Can you add to your netplan config in each VM:

dhcp-identifier: mac

To rule out issues with DUID.

E.g.

network:
    version: 2
    ethernets:
        enp5s0:
            dhcp4: true
            dhcp-identifier: mac

enzoaguado · March 23, 2021, 9:53am

Adding dhcp-identifier: mac followed by a netplan apply solves the issue. It does renew the DHCP lease with a different IP between all containers
I’ll edit this post in the future if the ip addresses revert back to being the same

enzoaguado · March 23, 2021, 9:54am

It’s the same behavior as asking for a new lease, it does change the IP address for a bit, but a few hours later it reverts back to using the same IP as other VMs

tomp · March 23, 2021, 9:55am

Excellent thanks.

The VMs are supposed to get a new DUID when copied based on the VM’s UUID (which is why I checked they were different), so suggests something has gone wrong their with the DUID regeneration.

@monstermunchkin @stgraber do you know how the DUID regeneration in the VM is supposed to work?

stgraber · March 23, 2021, 12:20pm

I suspect that without the mac stanza in netplan, the VM may rely on /etc/machine-id to derive their DUID. It’d normally be a good idea to clear /etc/machine-id whenever you clone an instance (and if cloud-init is used, I thought it happened automatically through it) as otherwise various bits on the system will use the now duplicated UUID.

tomp · March 23, 2021, 12:21pm

Yeah I thought the copy templates would reset it from the volatile UUID key (which we’ve confirmed is changed on copy).

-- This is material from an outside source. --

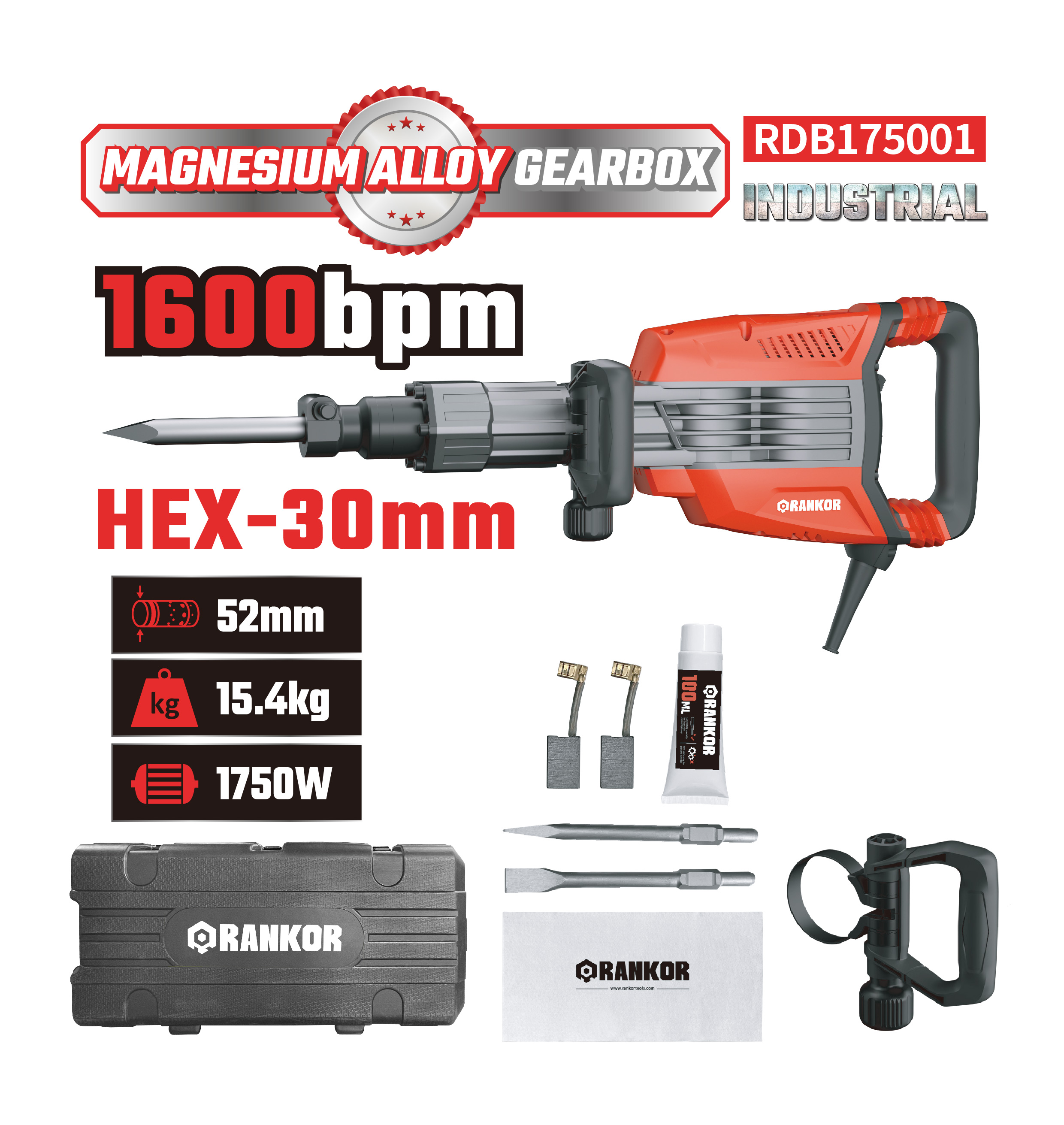 Auxiliary handle *1; Chisel (pointed 410mm / flat 30*410mm) *2; Carbon brush (set) *1; Lubricating oil *1; Cleaning cloth *1; 3m Cable *1

stgraber · March 23, 2021, 12:24pm

The volatile UUID is exposed to the VM through DMI, it’s not exposed to the container.
We could in theory ship a template for /etc/machine-id which aligns it with volatile.uuid but this may also conflict with what some distros may do to setup that file or with manual user actions…

When cloning systems there are a variety of files that need to be reset, regardless of if the system is a container, VM or physical box, so it’s probably best to leave that to the user or to specialized tools like cloud-init. The usual suspects there are:

machine-id
any lease file in /var/lib/dhcp
host ssh keys in /etc/ssh/

tomp · March 23, 2021, 12:31pm

Yeah in this case its VMs that are having the issue. I thought the DUID was generated from the DMI machine ID, but maybe its written to /etc/machine-id and then not modified on copy.

tomp · March 23, 2021, 12:32pm

@stgraber maybe we should add this to the image template to catch that particular issue at least?

stgraber · March 23, 2021, 12:32pm

Right, the DMI UUID is used as initial seed for virtual machines but is then kept constant through /etc/machine-id possibly because of some systems incorrectly exposing a different identifier every boot.

stgraber · March 23, 2021, 12:35pm

We do already, all distrobuilder images are supposed to have dhcp-identifier set.
I suspect the image used in this case is a cloud image instead, may be worth filing a bug on Launchpad to get the default network-config updated.